Sleeping with the Digital Enemy: Salvation for Brick-and-Mortar Shops?

While many brick-and-mortar consumption sites are going bankrupt (Radio Shack, Payless), dying (Sears), or are long gone (Circuit City, numerous dead malls [see deadmalls.com]), several late 2017 articles in the New York Times suggested that it is premature to sound the death knell for brick-and-mortar stores.

Some brick-and-mortar consumption sites, most notably fast food restaurants, are not dying. In fact, they will continue to exist, if not prosper, at least until the day when technology is advanced enough to deliver burgers and fries to our homes digitally (e.g., that can be produced on our 3-D printers, or by even more advanced technologies of the future).  Many other kinds of stores (e.g. supermarkets) will survive for many of the same reasons. Furthermore, still other brick-and-mortar stores will continue to exist if for no other reason than the fact that many people will continue to feel the need to get out of the house and away from their computers, at least some of the time. Since consumption is, for many people, their major form of recreation, this will undoubtedly lead them to updated brick-and-mortar shops, malls, amusement parks, and the like.

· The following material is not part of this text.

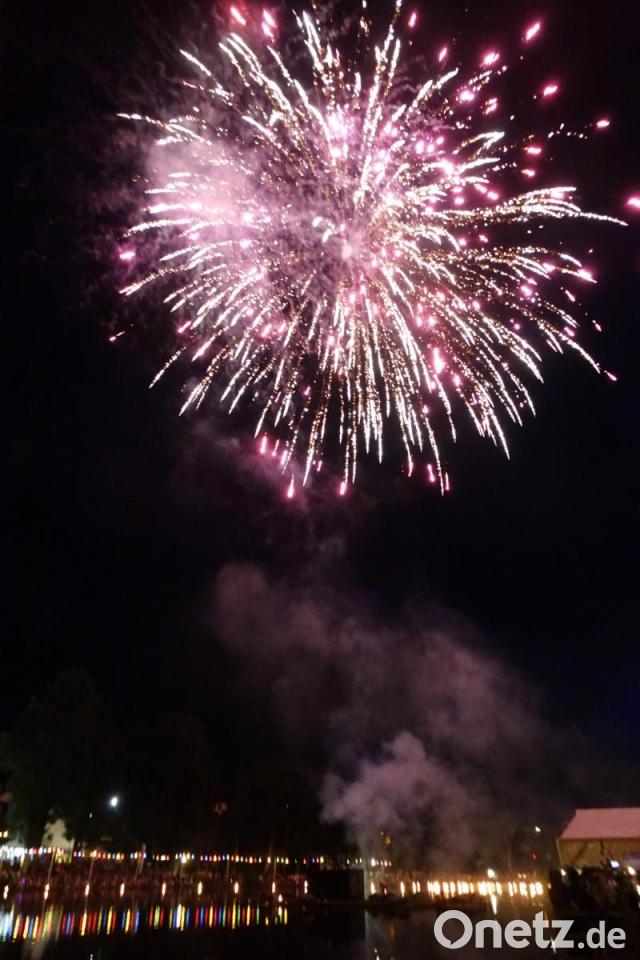 Die Gesangsgruppe "Montana" aus Roding stand in gleißendem Scheinwerferlicht auf der Insel, bevor traditionell das große Jubiläumsfeuerwerk als Höhepunkt den Schlussakkord setzte. Wer dann die Festlichkeit noch mehr auskosten wollte, dem verschlug es an die ein oder andere Bar oder vergnügte sich bei der DJ-Musik beim Wasserrad.

There are also hopeful, but contradictory, possibilities for other brick-and-mortar sites such as, making them smaller (more focused, more personal and intimate) or more multi-functional. However, there is general agreement on the need to make such sites more experiential (for example, malls that have fewer stores and more restaurants and movie theaters; showrooms offering more personalized services and an array of amenities such as manicures and a glass of wine). Beyond that, such sites can move beyond a focus on brick-and-mortar shops and, among other things, transform themselves into “event spaces, classrooms, community centers”. While there is some promise in these changes, they seem, at best, dim hopes. The chief executive of Oscar de la Renta is quoted as saying that brick-and-mortar stores are no longer necessarily advantageous and in the second-tier markets they might be considered “millstones”.

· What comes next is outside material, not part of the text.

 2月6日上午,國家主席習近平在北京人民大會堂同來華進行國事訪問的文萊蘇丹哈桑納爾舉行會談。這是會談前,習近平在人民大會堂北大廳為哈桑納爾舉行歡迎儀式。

The main source of salvation for brick-and-mortar stores is said to be augmentation with that- digital consumption sites- which have been, are, and will continue to be the greatest threat to them. The major hope for many of the brick-and-mortar consumption sites that continue to exist is in synergistic relationships with digital sites. While this will keep some brick-and-mortar locales alive, they will clearly be subordinated to the digital and on life-support. Further, that which is keeping them alive, at least faintly, is the very digital force that has been killing them and will continue to be fatal to them in the future. Brick-and-mortar stores are eagerly climbing into bed with their mortal enemy. If the alliance with the digital world does not kill brick-and-mortar sites, it will reduce them to insignificant appendages to the digital.

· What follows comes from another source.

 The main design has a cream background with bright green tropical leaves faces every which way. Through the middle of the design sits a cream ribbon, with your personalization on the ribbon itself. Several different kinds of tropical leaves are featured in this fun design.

Also not offering much hope to the brick-and-mortar world are the material sites Amazon has created (bookstores, convenience stores) or purchased (the Whole Foods chain of over 460 supermarkets). They are destined to be an infinitesimal part of Amazon’s total business. They may be useful for experimentation, the application of the massive amounts of data collected by Amazon.com, and for new bodies of data on consumers, but they are not going to contribute much to Amazon’s bottom line. On the other hand, Wal-Mart will gain much more by its move away from its massive number of brick-and-mortar stores and in the direction of becoming a greater presence in the digital world.